Multi-turn agents still force the adapter to tokenize later message histories, because tool observations and claude-code's own compacted messages arrive as strings. slime.agent.trajectory.merge_turns stitches those later prompts against the saved token stream:

  • New prompt suffixes that are tool/user/environment context are appended with loss_mask=0.
  • Fresh model outputs from SGLang are appended with loss_mask=1.
  • If a later prompt no longer token-matches an earlier sampled output, the unmatched suffix is dropped. If the drift cuts through the middle of a previous model output, the retained prefix of that whole output turn is also assigned loss_mask=0.

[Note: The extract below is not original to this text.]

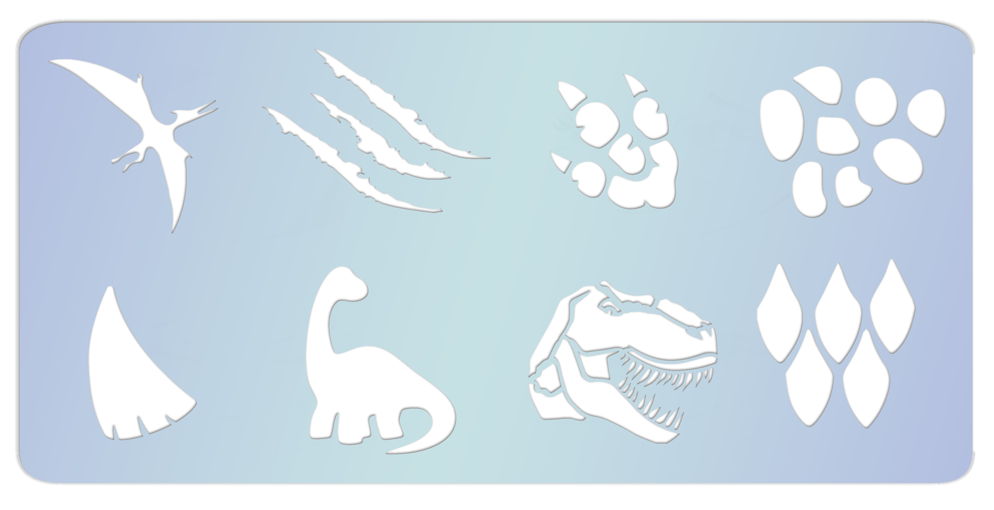 Scales, Horns, Mini Bronto, Mini Pterodactyl, Footprints, Scratches, T-Rex Face, Mini T-Rex.

That last case is the important correctness guard. A re-tokenization mismatch can make a string-level conversation look continuous while token-level provenance is broken. slime keeps the context needed to continue the agent, but does not backprop through tokens whose sampled origin can no longer be proven. The unit tests in tests/test_agent_trajectory.py cover matched prefixes, skipped turns, split-output drift, changed token counts, and prompt-base restarts.

Fan-out Semantics

  • generate() returns list[Sample] — one Sample per trajectory segment (subagent / wipe / final).
  • Per-trajectory reward is split as reward / K across segments; rollout_id is shared so the per-rollout-mean loss reducer still counts the trajectory once.
  • Sub-agent dispatch increases K (each completed Agent turn block becomes its own segment), so the effective batch after flatten can be much larger than rollout_batch_size * n_samples_per_prompt.

Porting to a New Sandbox Backend

slime.agent.sandbox.Sandbox exposes the shared sandbox contract, and slime.agent.sandbox.E2BSandbox is the E2B implementation:

await sb.exec(cmd, user=..., check=..., timeout=...)
await sb.write_file(sandbox_path, content_or_host_path, user=...)
await sb.read_file(sandbox_path, user=...)
async with E2BSandbox(...) as sb: ...

Reimplement those on Docker / Modal / a local VM and everything in generate.py keeps working unchanged.